Other clinical priority patients are caught up in this too, such as those who need to be followed-up regularly for a chronic condition, for whom there are no official targets. For instance, patients with wet AMD need to be followed-up every month for an acuity test and/or intraocular injection, and if competing priorities cause delays then these patients are at avoidable risk of going blind. Sadly this was not uncommon even before covid and we should avoid making matters worse.
Suggested action
The NHS has always put clinical priorities ahead of waiting time targets, and there is no reason to do differently now. So here are four suggestions for minimising the immediate risks and then restoring short waits safely.
First we need to prioritise the route to diagnosis, by splitting the referral-to-treatment waiting time target into two parts – referral-to-decision, and decision-to-treatment – and reducing the referral-to-decision waiting times first. That would put decision-to-treatment waiting times at a disadvantage, but at least that stage of the waiting list contains patients with diagnoses, so we can understand and manage these risks. Delaying these patients who are known to be ‘routine’ would be better than the situation we have now: an RTT waiting list peppered with risks that we don’t understand because undiagnosed patients are waiting far too long.
Second, clinical priorities need to become more visible. The work of the Royal Colleges has been very helpful in providing the first common standards; clinical urgency has not been applied or managed consistently in the past. Patients are at clinical risk if they are kept waiting longer than their clinical priority indicates, and the NHS should start to monitor statistics about these delayed urgent patients.

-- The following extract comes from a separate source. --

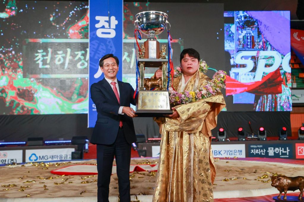 1일 영암실내체육관에서 막을 내린 2024 천하장사 씨름대축제에서 영암민속씨름단 김민재가 천하장사에 등극한 뒤 우승희 영암군수로부터 우승 트로피를 받고 있다. 영암군 제공

Third, follow-up patients are also clinical priority because they are time-limited, so statistics should be monitored on overdue follow-ups as well. (A follow-up that is not overdue is not a problem. And if a follow-up is not thought to be time-limited, then the next question is whether the patient needs to be followed-up at all.)
Those three suggestions could be implemented immediately and independently by any trust or system. The next is different and perhaps more contentious.
Fourth, in the longer term we need to keep up with elective demand and stop things from getting worse. Here the NHS (and indeed the government) has a choice. The traditional approach would be to spend an enormous amount of money on waiting list initiatives using extra-contractual sessions and hired capacity. That might be a better fit with NHS management culture, but I contend that it would be better value and more sustainable to expand baseline NHS capacity to (at a guess) 10-15 per cent above elective demand and then hold it there, steadily clearing the backlog until the natural growth in demand erodes the headroom over several years.
Let’s conclude by stepping back from the detail for a moment. I have spent most of my adult life working with the NHS and government to reduce long waits, as have many others both in and around the NHS. I never thought I would be calling for those efforts to be suspended. But this winter we have bigger risks to tackle. When urgent and undiagnosed patients are safe again, and when activity is ahead of elective demand so that waiting times are generally getting shorter rather than longer, then we can get back to restoring the safe, short waits that we all want to see everywhere.